# TASK INSTRUCTIONS
Copy the records word for word. Pictures do not go in.

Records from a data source
○ ○ ○

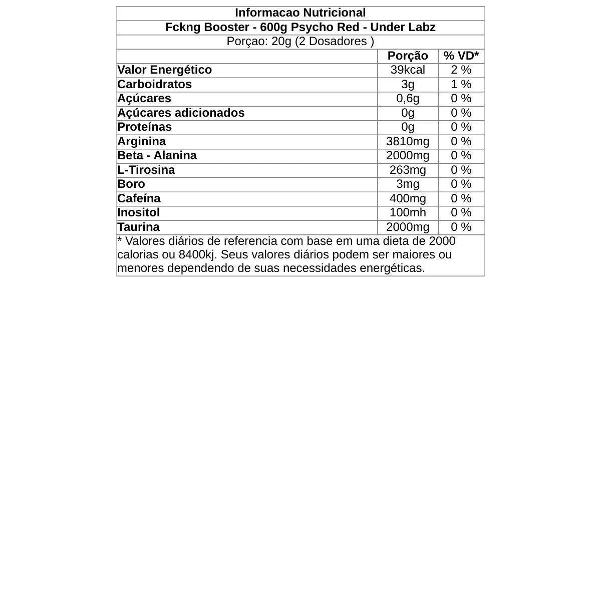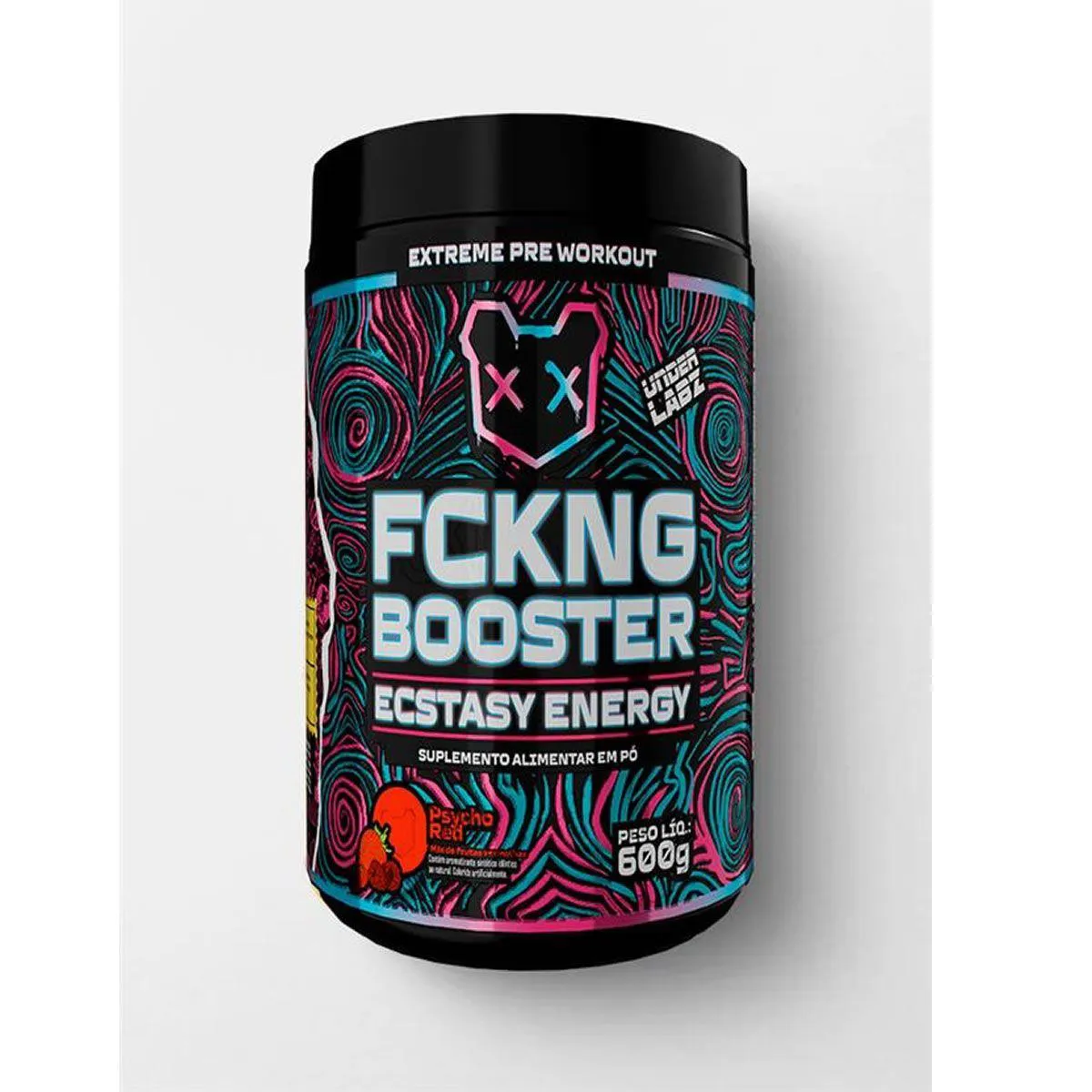 O Fckng Booster 600g Psycho Red, da Under Labz, é um pré-treino desenvolvido para oferecer uma experiência de energia extrema, foco intenso e sensação de euforia durante o treino. Com uma proposta ousada, ele foi criado para quem busca alto desempenho físico e mental, trazendo o conceito de euforia de uma rave no corpo com a clareza de um atleta na mente. Sua fórmula combina ingredientes potentes como cafeína (400#8239;mg por dose), beta-alanina, taurina, L-arginina, L-tirosina, inositol e boro, que atuam de forma sinérgica para aumentar a resistência, intensificar o foco e promover vasodilatação.
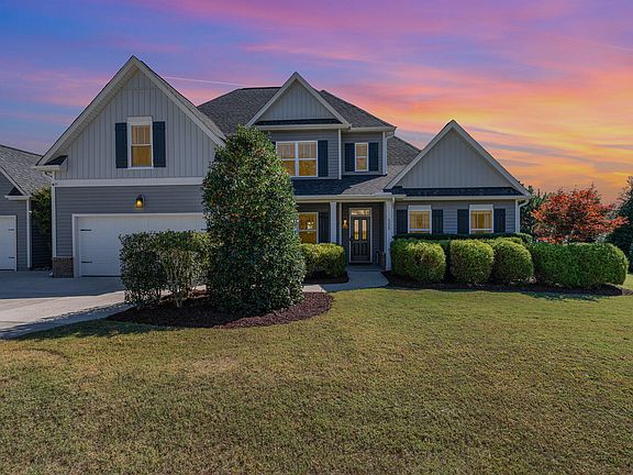 Nicely tucked away in Blalocks Glen neighborhood just minutes from 540! The .63-acre lot has an incredible outdoor living area, including a rear porch with retractable screens, a huge masonry fire pit with plenty of outdoor seating surrounded by fragrant evergreen trees, large fenced backyard plus an enclosed garden area with raised beds. Main level Owner's Suite with large walk-in closet, separate walk-in shower, and soaking tub plus additional Owners/Guest suite on the 2nd floor!! Step inside through the spacious foyer and enjoy the open floor plan with engineered hardwood floors throughout the main level. Spacious Family Room featuring a gas log fireplace, separate dining room, gourmet kitchen with center island, granite countertops, SS appliances featuring induction range with virtual flame lighting, microwave with air fryer & fast bake, walk-in pantry, and breakfast area. The second floor offers a Guest Suite, spacious Loft, Office, Bonus Room plus storage in the walk-in attic.
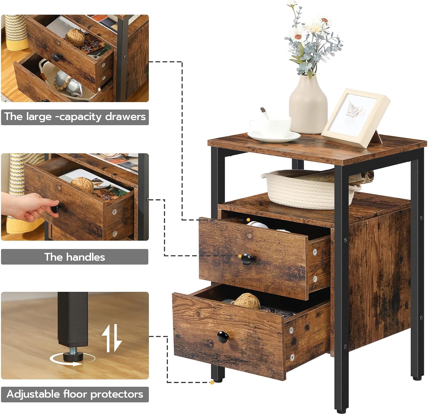 Solid As A Rock: Particle board and metal frame make the bedside table sturdy and resistant. 4 adjustable feet included not only increase its inherent stability, but also protect the floor from being scratched
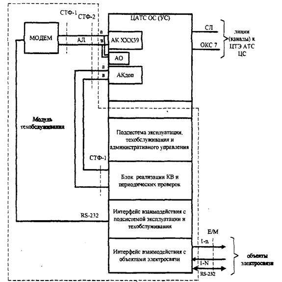 4.3.4 Комплекс оборудования для технического обслуживания периферийных цифровых АТС ОС (УС) состоит из МОДЕМа и модуля технического обслуживания, входящего в спецификацию ЦАТС. Функции, выполняемые модулем технического обслуживания, а также внешние стыки подключения к контрольным точкам аналогичны функциям и стыкам оборудования ЦТЭ (рисунок 3).
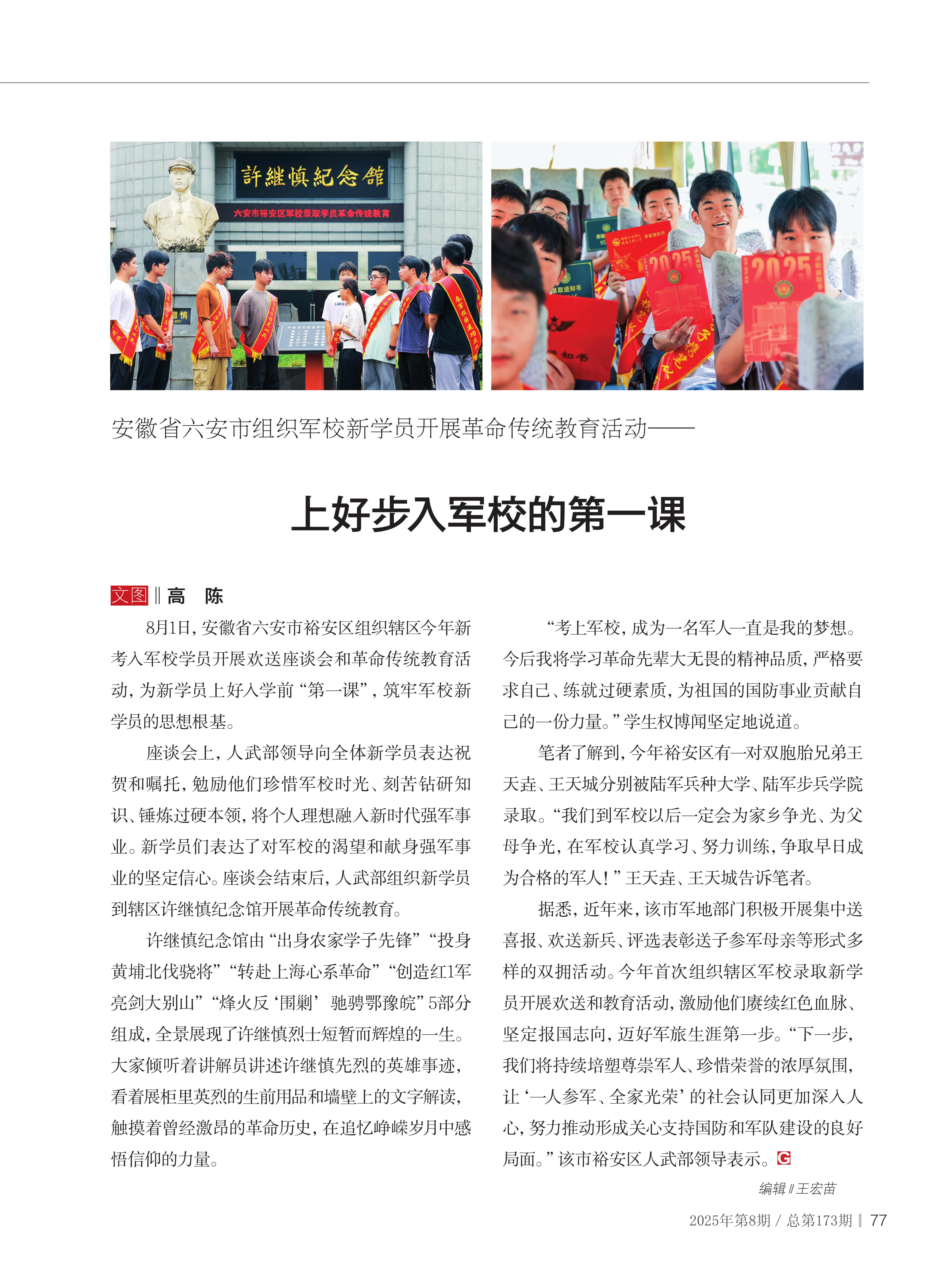 安徽省六安市组织军校新学员开展革命传统教育活动——
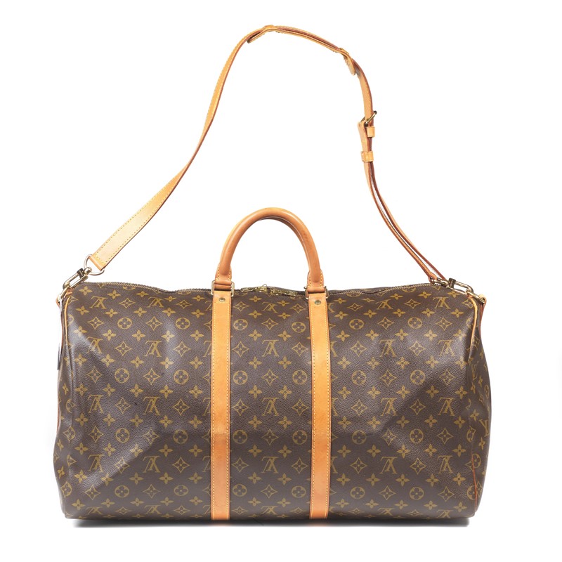 LOUIS VUITTON BORSA DA VIAGGIO BANDOULIERE 55 Borsa da viaggio classica perfetta, grazie al resistente tessuto Monogram, alle bretelle di rinforzo in vacchetta e al manico in pelle Toron; utilissima la tracolla regolabile per portarla a spalla: Chiusa con zip in ottone color oro come gli altri dettagli metallici. Dim. cm 55x30x25
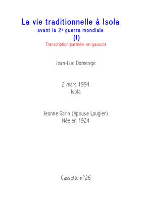 La vie traditionnelle à Isola avant la 2e guerre mondiale (I) TRANSCRIPTION partielle - cassette n°26 (partie 1 et 2)
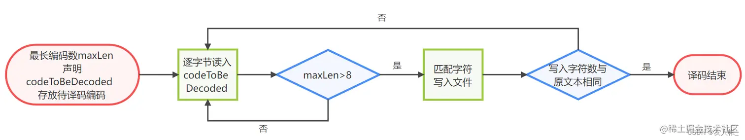 当写入的字符数与原文本字符数相同时,则译码完成,此时再往后读取便是字典的信息。
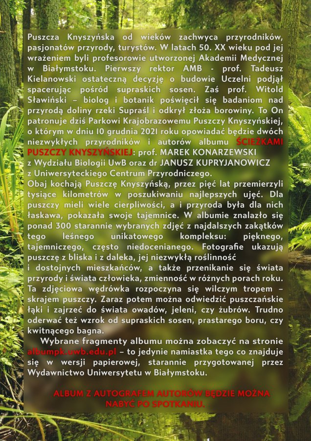 Puszcza Knyszyńska od wieków zachwyca przyrodników, pasjonatów przyrody, turystów. W latach 50. XX wieku pod jej wrażeniem byli profesorowie utworzonej Akademii Medycznej w Białymstoku. Pierwszy rektor AMB - prof. Tadeusz Kielanowski ostateczną decyzję o budowie Uczelni podjął spacerując pośród supraskich sosen. Zaś prof. Witold Sławiński – biolog i botanik poświęcił się badaniom nad przyrodą doliny rzeki Supraśl i odkrył złoża borowiny. To On patronuje dziś Parkowi Krajobrazowemu Puszczy Knyszyńskiej, o którym w dniu 10 grudnia 2021 roku opowiadać będzie dwóch niezwykłych przyrodników i autorów albumu Ścieżkami Puszczy Knyszyńskiej: prof. Marek Konarzewski z Wydziału Biologii UwB oraz dr Janusz Kupryjanowicz z Uniwersyteckiego Centrum Przyrodniczego.
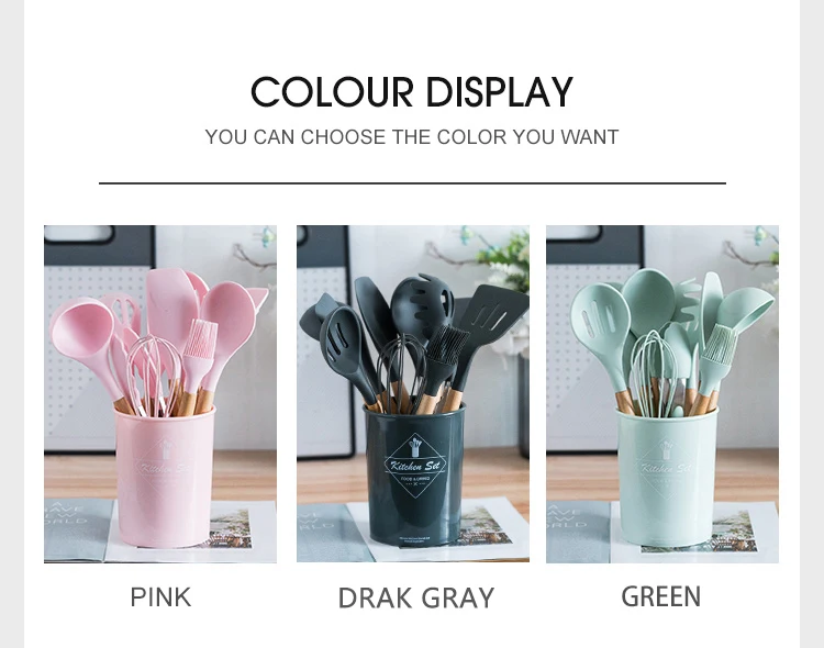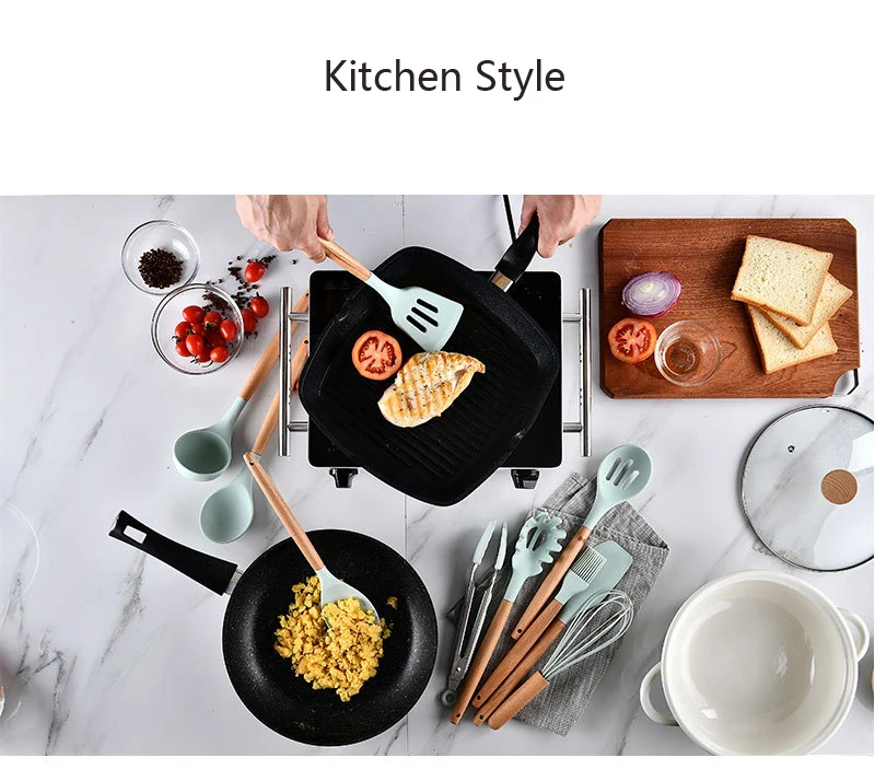 Silicone Utensil Set is a Kitchen helper, perfect for all types of foods and cooking&kitchen accessaries, stir fry, stirring cream, butter, ice cream, etc. Include spatula, basting brush, pointed spatula,round-edge turner, ladle, straight-edge turner, Spoon, tongs, pasta fork, and perfect for all types of foods and cooking.

○ ○ ○

# TASK SOLUTION
 O Fckng Booster 600g Psycho Red, da Under Labz, é um pré-treino desenvolvido para oferecer uma experiência de energia extrema, foco intenso e sensação de euforia durante o treino. Com uma proposta ousada, ele foi criado para quem busca alto desempenho físico e mental, trazendo o conceito de euforia de uma rave no corpo com a clareza de um atleta na mente. Sua fórmula combina ingredientes potentes como cafeína (400#8239;mg por dose), beta-alanina, taurina, L-arginina, L-tirosina, inositol e boro, que atuam de forma sinérgica para aumentar a resistência, intensificar o foco e promover vasodilatação.
 Nicely tucked away in Blalocks Glen neighborhood just minutes from 540! The .63-acre lot has an incredible outdoor living area, including a rear porch with retractable screens, a huge masonry fire pit with plenty of outdoor seating surrounded by fragrant evergreen trees, large fenced backyard plus an enclosed garden area with raised beds. Main level Owner's Suite with large walk-in closet, separate walk-in shower, and soaking tub plus additional Owners/Guest suite on the 2nd floor!! Step inside through the spacious foyer and enjoy the open floor plan with engineered hardwood floors throughout the main level. Spacious Family Room featuring a gas log fireplace, separate dining room, gourmet kitchen with center island, granite countertops, SS appliances featuring induction range with virtual flame lighting, microwave with air fryer & fast bake, walk-in pantry, and breakfast area. The second floor offers a Guest Suite, spacious Loft, Office, Bonus Room plus storage in the walk-in attic.
 Solid As A Rock: Particle board and metal frame make the bedside table sturdy and resistant. 4 adjustable feet included not only increase its inherent stability, but also protect the floor from being scratched
 4.3.4 Комплекс оборудования для технического обслуживания периферийных цифровых АТС ОС (УС) состоит из МОДЕМа и модуля технического обслуживания, входящего в спецификацию ЦАТС. Функции, выполняемые модулем технического обслуживания, а также внешние стыки подключения к контрольным точкам аналогичны функциям и стыкам оборудования ЦТЭ (рисунок 3).
 安徽省六安市组织军校新学员开展革命传统教育活动——
 LOUIS VUITTON BORSA DA VIAGGIO BANDOULIERE 55 Borsa da viaggio classica perfetta, grazie al resistente tessuto Monogram, alle bretelle di rinforzo in vacchetta e al manico in pelle Toron; utilissima la tracolla regolabile per portarla a spalla: Chiusa con zip in ottone color oro come gli altri dettagli metallici. Dim. cm 55x30x25
 La vie traditionnelle à Isola avant la 2e guerre mondiale (I) TRANSCRIPTION partielle - cassette n°26 (partie 1 et 2)
 当写入的字符数与原文本字符数相同时,则译码完成,此时再往后读取便是字典的信息。
 Puszcza Knyszyńska od wieków zachwyca przyrodników, pasjonatów przyrody, turystów. W latach 50. XX wieku pod jej wrażeniem byli profesorowie utworzonej Akademii Medycznej w Białymstoku. Pierwszy rektor AMB - prof. Tadeusz Kielanowski ostateczną decyzję o budowie Uczelni podjął spacerując pośród supraskich sosen. Zaś prof. Witold Sławiński – biolog i botanik poświęcił się badaniom nad przyrodą doliny rzeki Supraśl i odkrył złoża borowiny. To On patronuje dziś Parkowi Krajobrazowemu Puszczy Knyszyńskiej, o którym w dniu 10 grudnia 2021 roku opowiadać będzie dwóch niezwykłych przyrodników i autorów albumu Ścieżkami Puszczy Knyszyńskiej: prof. Marek Konarzewski z Wydziału Biologii UwB oraz dr Janusz Kupryjanowicz z Uniwersyteckiego Centrum Przyrodniczego.
 Silicone Utensil Set is a Kitchen helper, perfect for all types of foods and cooking&kitchen accessaries, stir fry, stirring cream, butter, ice cream, etc. Include spatula, basting brush, pointed spatula,round-edge turner, ladle, straight-edge turner, Spoon, tongs, pasta fork, and perfect for all types of foods and cooking.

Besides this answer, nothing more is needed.